Grundsätzlich ist eine Limited ein selbständiger Unternehmer im Umsatzsteuerrecht. Fraglich ist, ob durch die Kooperation eine weitere Unternehmereigenschaft entstanden ist, z.B. durch eine GbR. Diese wäre dann ein weiterer Unternehmer. Der Kosmetiksalon wäre dann der dritte Unternehmer. Jeder Unternehmer muss seine Einnahmen der Umsatzsteuer unterwerfen. Es gelten für jeden Unternehmer die Kleinunternehmerregelung (Umsatz bis zu 17.500 €). Jeder Unternehmer beurteilt die Steuerfreiheit seines Umsatzes nach § 4 UStG. Das gleiche gilt für den Steuersatz. Bei Anwendung der Kleinunternehmer wird die Umsatzsteuer nicht erhoben und es besteht kein Vorsteuerabzug aus den Eingangsrechnungen.
Eine Ausnahme von diesem Grundsatz besteht nur bei der Organschaft (§ 1 Abs. 2 Nr. 2 UStG). Dies erfordert eine wirtschaftliche, finanzielle und organisatorische Eingliederung in den Organträger. Die Innenumsätze zwischen Organ und Organträger sind dann nicht umsatzsteuerlich relevant.
Ich freue mich auf Ihre genaue Sachverhaltsschilderung.
Meine Beratung erfolgt im Rahmen der Erstberatung.
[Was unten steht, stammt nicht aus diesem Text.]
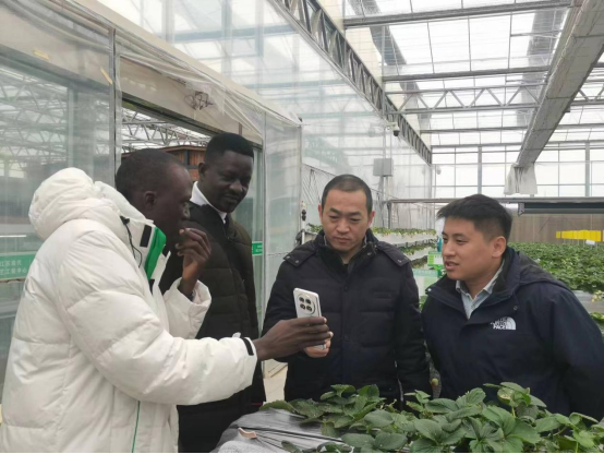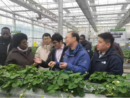 乌干达科技部部长等人现场参观学习了我院自行研发的草莓超高垄栽培、高架栽培、夜冷育苗、温光调控、绿色防控等技术,了解了我国草莓先进的栽培技术。王全智老师从新品种展示、新技术开发、技术推广模式等全方面为学员们讲解了农博园草莓基地的做法,来访人员对我院草莓的栽培技术及推广模式非常感兴趣,并表示要把我院的草莓研究成果引入他们的国家。

Veränderungen des Sachverhaltes können den rechtlichen Gehalt der Antwort verändern.
Mit freundlichen Grüssen
I. Huber-Stempfel
Nachfrage
Sehr geehrte Frau Huber-Stempfel,
danke für Ihre Antwort. Meine Nachfrage hat leider etwas gedauert. Der Kosmetiksalon ist USt-befreit als Kleinunternehmer. Es besthet eine lose Kooperation mit mir als Gewerbetreibenden, der vorsteuerabzugsberechtigt ist (als Option. Das in die Kooperation eingebrachte Gerät erwirtschaftet Umsätze, die zum TGeil mir zufließen. Muss ich diese der USt unterwerfen und wenn ja, was wäre zu tun, um dieses zu vermeiden.
Danke im Voraus für Ihren Rat.
Mit freundlichen Grüßen
Jürgen Prelle
Rückantwort
Sehr geehrter Herr Prelle,
als umsatzsteuerlicher Unternehmer sind Sie mit Ihren gesamten Umsätzen steuerpflichtig, es sei denn es handelt sich um steuerfreie Umsätze. Die Vermietung von Geräten ist nicht von der Umsatzsteuer befreit. Damit ist die Vermietung des Gerätes an die Ltd umsatzsteuerpflichtig. Ich nehme an, dass Sie das Gerät auch mit Vorsteuerabzug erworben haben.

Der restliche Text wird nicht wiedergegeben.